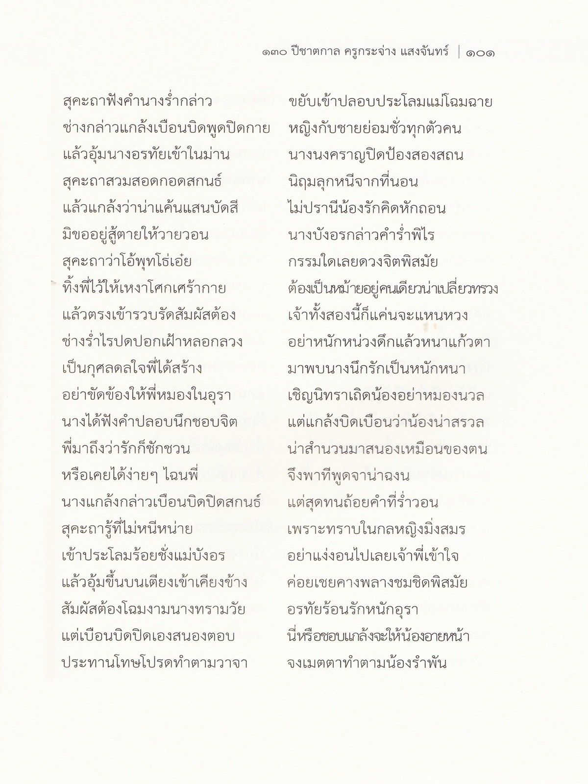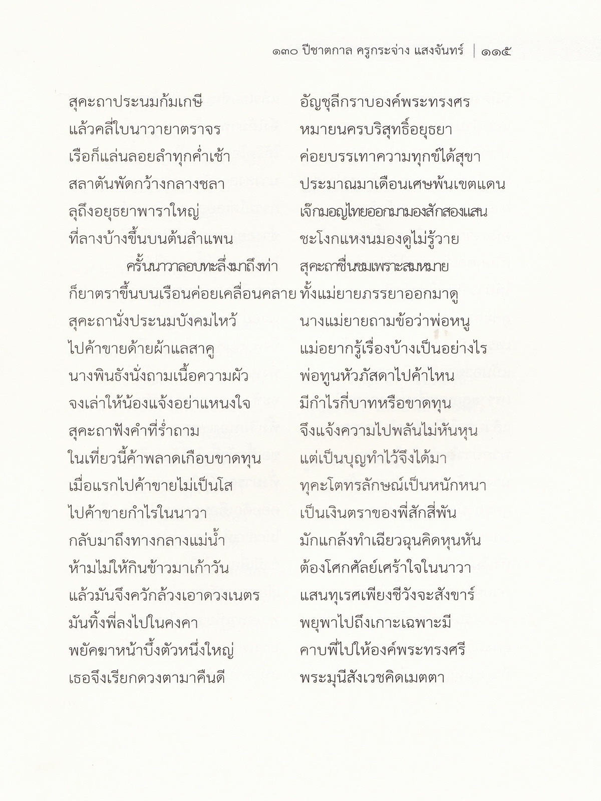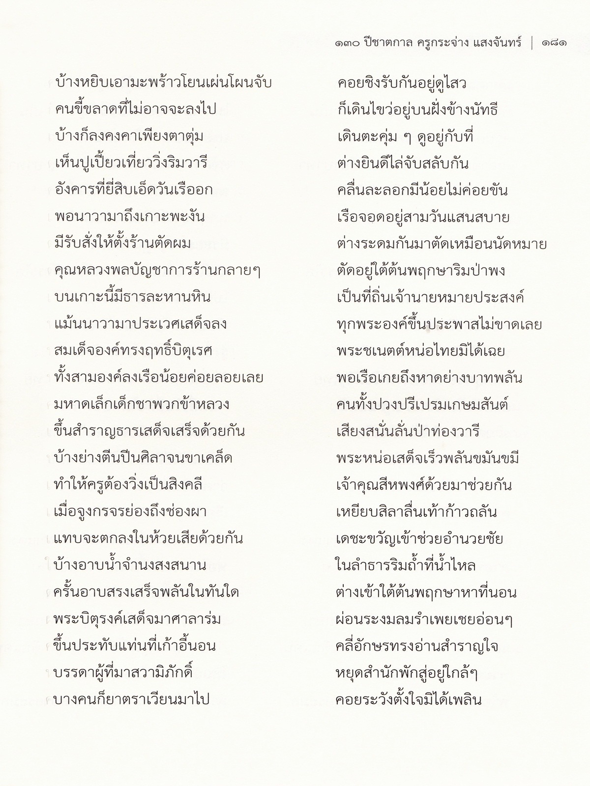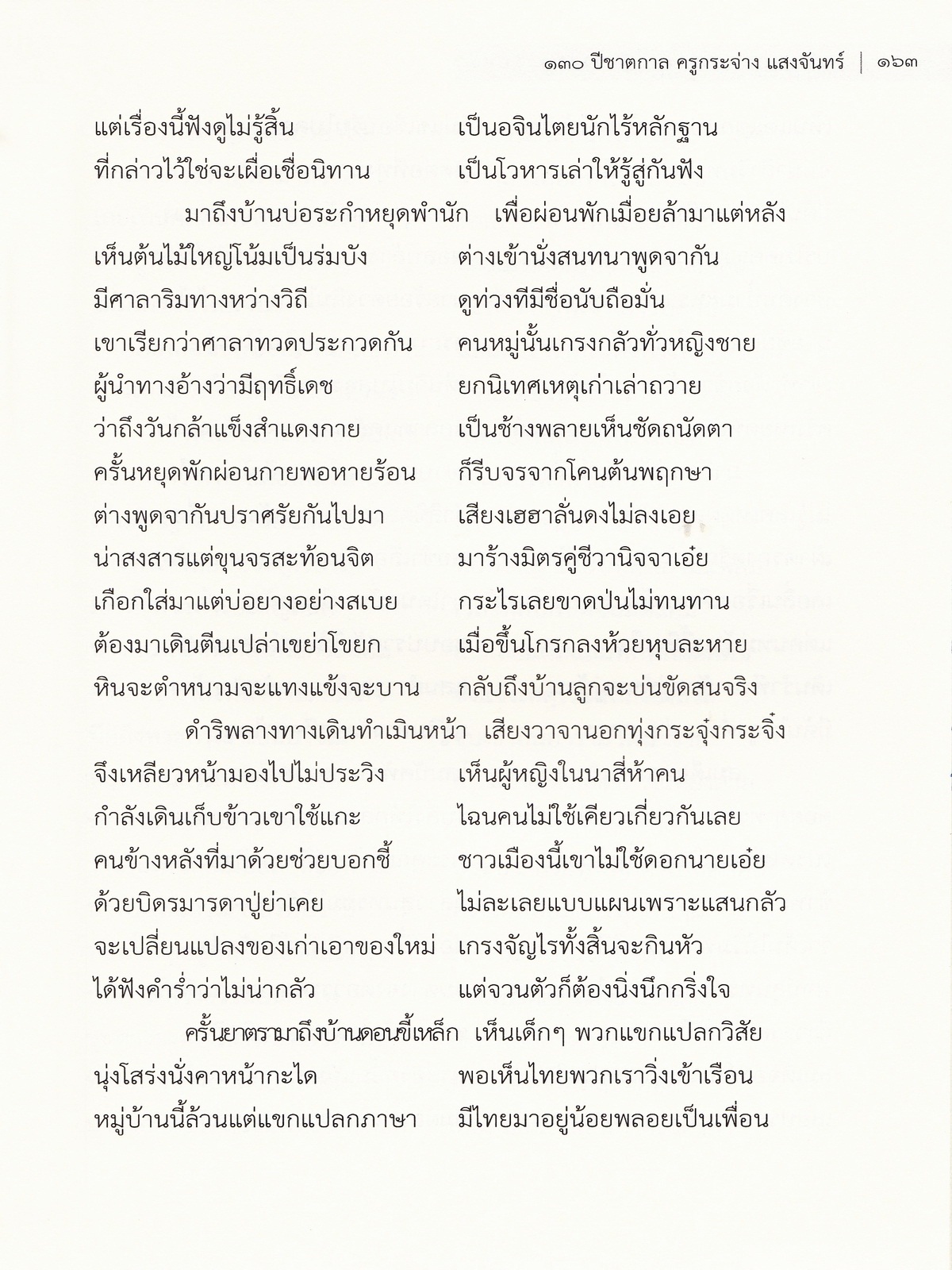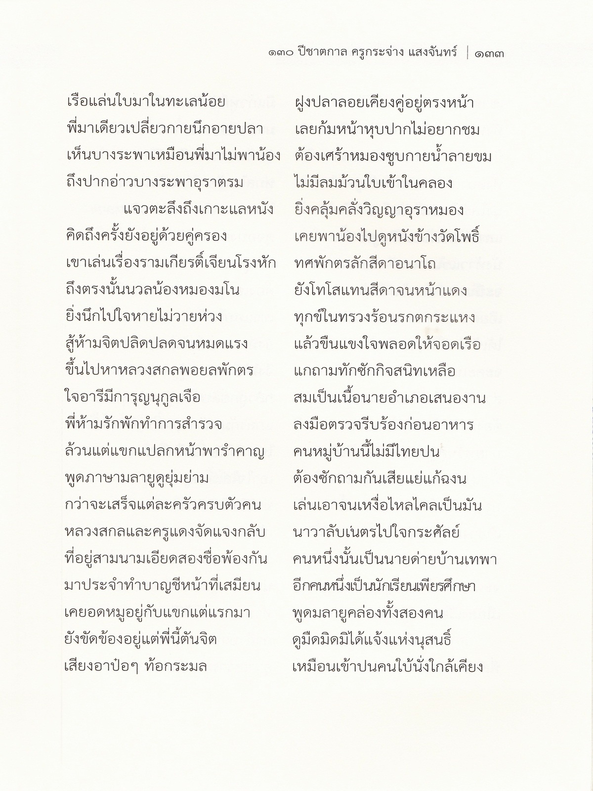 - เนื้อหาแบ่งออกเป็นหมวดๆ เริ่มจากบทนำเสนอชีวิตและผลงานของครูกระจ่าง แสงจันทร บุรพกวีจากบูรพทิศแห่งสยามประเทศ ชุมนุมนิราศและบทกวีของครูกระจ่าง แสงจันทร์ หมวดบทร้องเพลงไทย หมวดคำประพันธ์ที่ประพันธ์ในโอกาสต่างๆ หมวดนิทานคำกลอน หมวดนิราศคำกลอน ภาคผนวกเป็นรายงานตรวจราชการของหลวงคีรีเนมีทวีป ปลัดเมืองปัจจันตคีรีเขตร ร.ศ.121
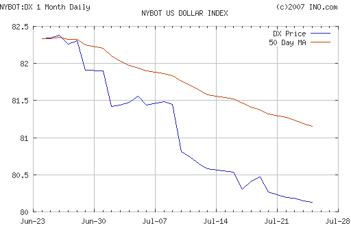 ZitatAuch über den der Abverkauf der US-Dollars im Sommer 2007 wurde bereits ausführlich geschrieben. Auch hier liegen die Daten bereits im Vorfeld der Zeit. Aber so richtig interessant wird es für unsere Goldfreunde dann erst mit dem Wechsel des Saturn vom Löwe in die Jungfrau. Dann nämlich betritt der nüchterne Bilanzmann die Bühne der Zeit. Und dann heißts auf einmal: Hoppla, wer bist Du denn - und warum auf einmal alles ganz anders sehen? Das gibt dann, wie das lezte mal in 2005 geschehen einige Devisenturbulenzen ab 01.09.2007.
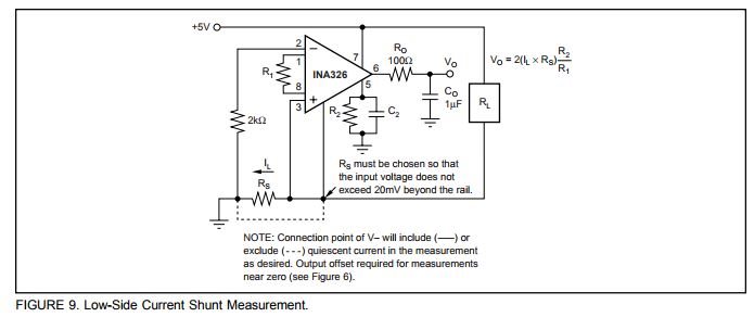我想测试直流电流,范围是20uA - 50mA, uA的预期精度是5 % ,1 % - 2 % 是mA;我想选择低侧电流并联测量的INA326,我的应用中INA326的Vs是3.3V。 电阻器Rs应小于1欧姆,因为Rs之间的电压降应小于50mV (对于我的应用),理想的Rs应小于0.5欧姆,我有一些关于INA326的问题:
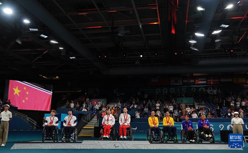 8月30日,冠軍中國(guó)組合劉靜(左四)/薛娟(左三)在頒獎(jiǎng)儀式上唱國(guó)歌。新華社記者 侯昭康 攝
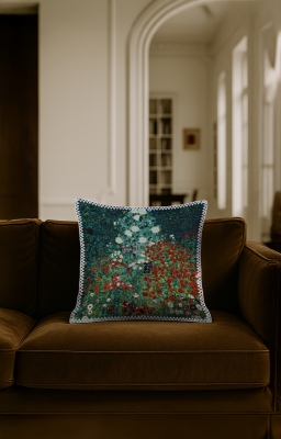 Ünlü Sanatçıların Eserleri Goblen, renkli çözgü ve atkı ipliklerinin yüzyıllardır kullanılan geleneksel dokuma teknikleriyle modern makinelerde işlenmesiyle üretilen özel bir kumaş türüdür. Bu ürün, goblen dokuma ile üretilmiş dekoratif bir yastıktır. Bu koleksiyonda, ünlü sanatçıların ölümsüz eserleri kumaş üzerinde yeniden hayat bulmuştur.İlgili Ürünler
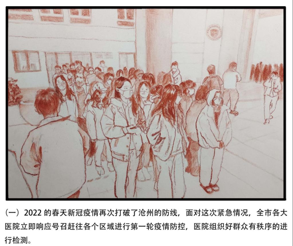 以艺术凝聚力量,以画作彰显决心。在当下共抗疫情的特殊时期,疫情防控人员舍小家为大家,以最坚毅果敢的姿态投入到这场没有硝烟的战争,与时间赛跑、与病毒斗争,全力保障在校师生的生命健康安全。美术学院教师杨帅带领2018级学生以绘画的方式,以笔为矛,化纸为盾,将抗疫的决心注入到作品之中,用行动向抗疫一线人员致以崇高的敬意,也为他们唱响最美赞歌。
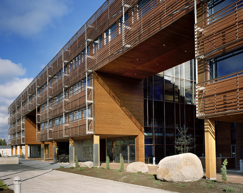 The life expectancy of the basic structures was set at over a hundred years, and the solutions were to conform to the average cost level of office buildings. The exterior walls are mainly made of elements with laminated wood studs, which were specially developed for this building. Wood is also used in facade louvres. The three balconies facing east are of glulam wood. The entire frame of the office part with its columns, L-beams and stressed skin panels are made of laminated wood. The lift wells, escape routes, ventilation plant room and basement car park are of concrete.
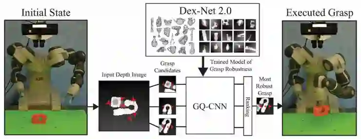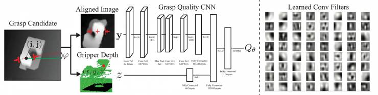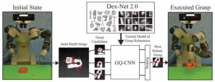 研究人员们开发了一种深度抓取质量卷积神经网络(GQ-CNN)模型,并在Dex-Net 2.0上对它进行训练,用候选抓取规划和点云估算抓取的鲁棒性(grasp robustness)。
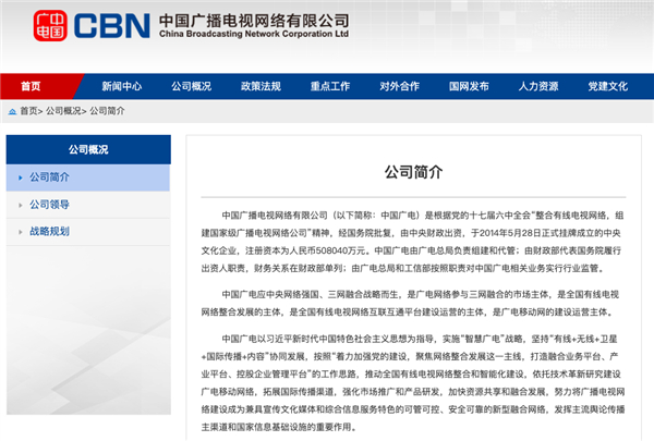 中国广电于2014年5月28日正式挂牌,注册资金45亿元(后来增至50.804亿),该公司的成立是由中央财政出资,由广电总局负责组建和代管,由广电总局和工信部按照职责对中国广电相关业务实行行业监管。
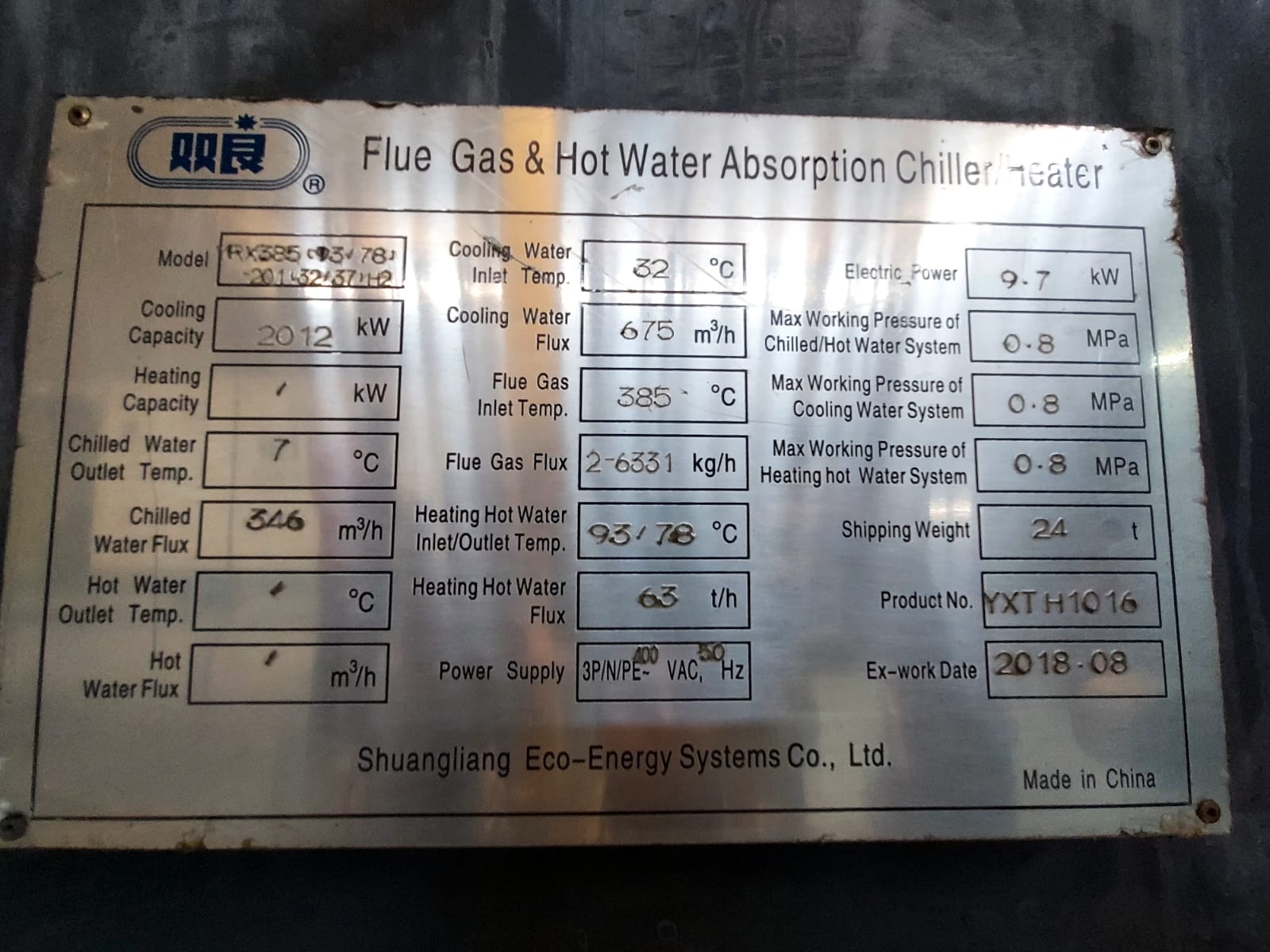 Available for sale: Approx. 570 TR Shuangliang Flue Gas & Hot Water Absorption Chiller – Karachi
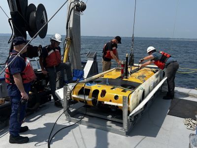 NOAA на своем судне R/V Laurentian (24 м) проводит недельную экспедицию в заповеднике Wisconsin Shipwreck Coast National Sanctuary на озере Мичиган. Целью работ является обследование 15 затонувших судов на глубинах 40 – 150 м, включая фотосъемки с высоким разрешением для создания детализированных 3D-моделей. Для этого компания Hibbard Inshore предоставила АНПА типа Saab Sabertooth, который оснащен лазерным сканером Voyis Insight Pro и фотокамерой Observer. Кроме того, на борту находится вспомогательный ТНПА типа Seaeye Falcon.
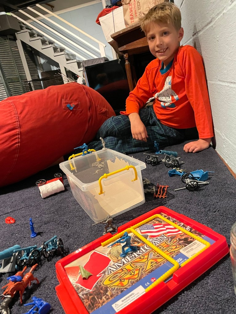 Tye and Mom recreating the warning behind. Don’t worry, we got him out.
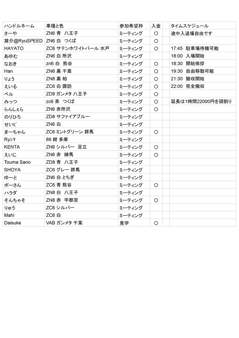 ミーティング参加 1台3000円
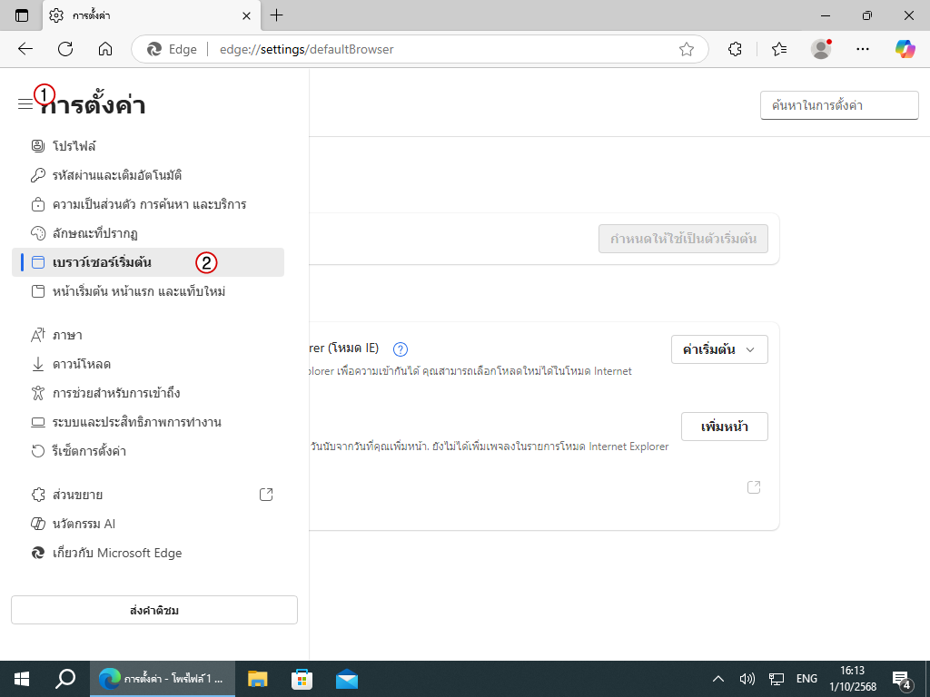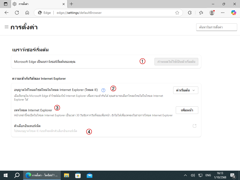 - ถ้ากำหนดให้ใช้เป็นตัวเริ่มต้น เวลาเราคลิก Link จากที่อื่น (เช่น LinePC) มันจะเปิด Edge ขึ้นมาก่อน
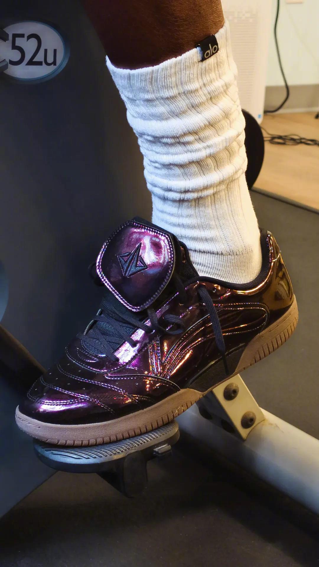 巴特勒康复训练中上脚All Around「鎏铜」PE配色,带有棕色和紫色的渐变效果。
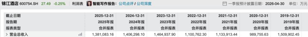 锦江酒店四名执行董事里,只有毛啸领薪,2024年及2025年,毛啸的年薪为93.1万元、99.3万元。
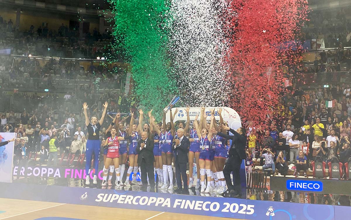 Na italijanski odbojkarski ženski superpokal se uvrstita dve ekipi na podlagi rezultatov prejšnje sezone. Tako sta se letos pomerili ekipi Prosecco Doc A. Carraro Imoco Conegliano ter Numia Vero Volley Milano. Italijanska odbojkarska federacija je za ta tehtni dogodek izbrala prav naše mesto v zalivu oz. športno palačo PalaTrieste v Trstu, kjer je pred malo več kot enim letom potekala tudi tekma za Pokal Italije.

» EXERCISE AIM
Print every entry word for word; omit the pictures.

» RESPONSE FOR THIS EXERCISE
 - เนื้อหาแบ่งออกเป็นหมวดๆ เริ่มจากบทนำเสนอชีวิตและผลงานของครูกระจ่าง แสงจันทร บุรพกวีจากบูรพทิศแห่งสยามประเทศ ชุมนุมนิราศและบทกวีของครูกระจ่าง แสงจันทร์ หมวดบทร้องเพลงไทย หมวดคำประพันธ์ที่ประพันธ์ในโอกาสต่างๆ หมวดนิทานคำกลอน หมวดนิราศคำกลอน ภาคผนวกเป็นรายงานตรวจราชการของหลวงคีรีเนมีทวีป ปลัดเมืองปัจจันตคีรีเขตร ร.ศ.121
 ZitatAuch über den der Abverkauf der US-Dollars im Sommer 2007 wurde bereits ausführlich geschrieben. Auch hier liegen die Daten bereits im Vorfeld der Zeit. Aber so richtig interessant wird es für unsere Goldfreunde dann erst mit dem Wechsel des Saturn vom Löwe in die Jungfrau. Dann nämlich betritt der nüchterne Bilanzmann die Bühne der Zeit. Und dann heißts auf einmal: Hoppla, wer bist Du denn - und warum auf einmal alles ganz anders sehen? Das gibt dann, wie das lezte mal in 2005 geschehen einige Devisenturbulenzen ab 01.09.2007.
我想测试直流电流,范围是20uA - 50mA, uA的预期精度是5 % ,1 % - 2 % 是mA;我想选择低侧电流并联测量的INA326,我的应用中INA326的Vs是3.3V。 电阻器Rs应小于1欧姆,因为Rs之间的电压降应小于50mV (对于我的应用),理想的Rs应小于0.5欧姆,我有一些关于INA326的问题:
 8月30日,冠軍中國(guó)組合劉靜(左四)/薛娟(左三)在頒獎(jiǎng)儀式上唱國(guó)歌。新華社記者 侯昭康 攝
 Ünlü Sanatçıların Eserleri Goblen, renkli çözgü ve atkı ipliklerinin yüzyıllardır kullanılan geleneksel dokuma teknikleriyle modern makinelerde işlenmesiyle üretilen özel bir kumaş türüdür. Bu ürün, goblen dokuma ile üretilmiş dekoratif bir yastıktır. Bu koleksiyonda, ünlü sanatçıların ölümsüz eserleri kumaş üzerinde yeniden hayat bulmuştur.İlgili Ürünler
 以艺术凝聚力量,以画作彰显决心。在当下共抗疫情的特殊时期,疫情防控人员舍小家为大家,以最坚毅果敢的姿态投入到这场没有硝烟的战争,与时间赛跑、与病毒斗争,全力保障在校师生的生命健康安全。美术学院教师杨帅带领2018级学生以绘画的方式,以笔为矛,化纸为盾,将抗疫的决心注入到作品之中,用行动向抗疫一线人员致以崇高的敬意,也为他们唱响最美赞歌。
 The life expectancy of the basic structures was set at over a hundred years, and the solutions were to conform to the average cost level of office buildings. The exterior walls are mainly made of elements with laminated wood studs, which were specially developed for this building. Wood is also used in facade louvres. The three balconies facing east are of glulam wood. The entire frame of the office part with its columns, L-beams and stressed skin panels are made of laminated wood. The lift wells, escape routes, ventilation plant room and basement car park are of concrete.
 研究人员们开发了一种深度抓取质量卷积神经网络(GQ-CNN)模型,并在Dex-Net 2.0上对它进行训练,用候选抓取规划和点云估算抓取的鲁棒性(grasp robustness)。
 中国广电于2014年5月28日正式挂牌,注册资金45亿元(后来增至50.804亿),该公司的成立是由中央财政出资,由广电总局负责组建和代管,由广电总局和工信部按照职责对中国广电相关业务实行行业监管。
 Available for sale: Approx. 570 TR Shuangliang Flue Gas & Hot Water Absorption Chiller – Karachi
 NOAA на своем судне R/V Laurentian (24 м) проводит недельную экспедицию в заповеднике Wisconsin Shipwreck Coast National Sanctuary на озере Мичиган. Целью работ является обследование 15 затонувших судов на глубинах 40 – 150 м, включая фотосъемки с высоким разрешением для создания детализированных 3D-моделей. Для этого компания Hibbard Inshore предоставила АНПА типа Saab Sabertooth, который оснащен лазерным сканером Voyis Insight Pro и фотокамерой Observer. Кроме того, на борту находится вспомогательный ТНПА типа Seaeye Falcon.
 Tye and Mom recreating the warning behind. Don’t worry, we got him out.
 ミーティング参加 1台3000円
 - ถ้ากำหนดให้ใช้เป็นตัวเริ่มต้น เวลาเราคลิก Link จากที่อื่น (เช่น LinePC) มันจะเปิด Edge ขึ้นมาก่อน
 巴特勒康复训练中上脚All Around「鎏铜」PE配色,带有棕色和紫色的渐变效果。
 锦江酒店四名执行董事里,只有毛啸领薪,2024年及2025年,毛啸的年薪为93.1万元、99.3万元。
 Na italijanski odbojkarski ženski superpokal se uvrstita dve ekipi na podlagi rezultatov prejšnje sezone. Tako sta se letos pomerili ekipi Prosecco Doc A. Carraro Imoco Conegliano ter Numia Vero Volley Milano. Italijanska odbojkarska federacija je za ta tehtni dogodek izbrala prav naše mesto v zalivu oz. športno palačo PalaTrieste v Trstu, kjer je pred malo več kot enim letom potekala tudi tekma za Pokal Italije.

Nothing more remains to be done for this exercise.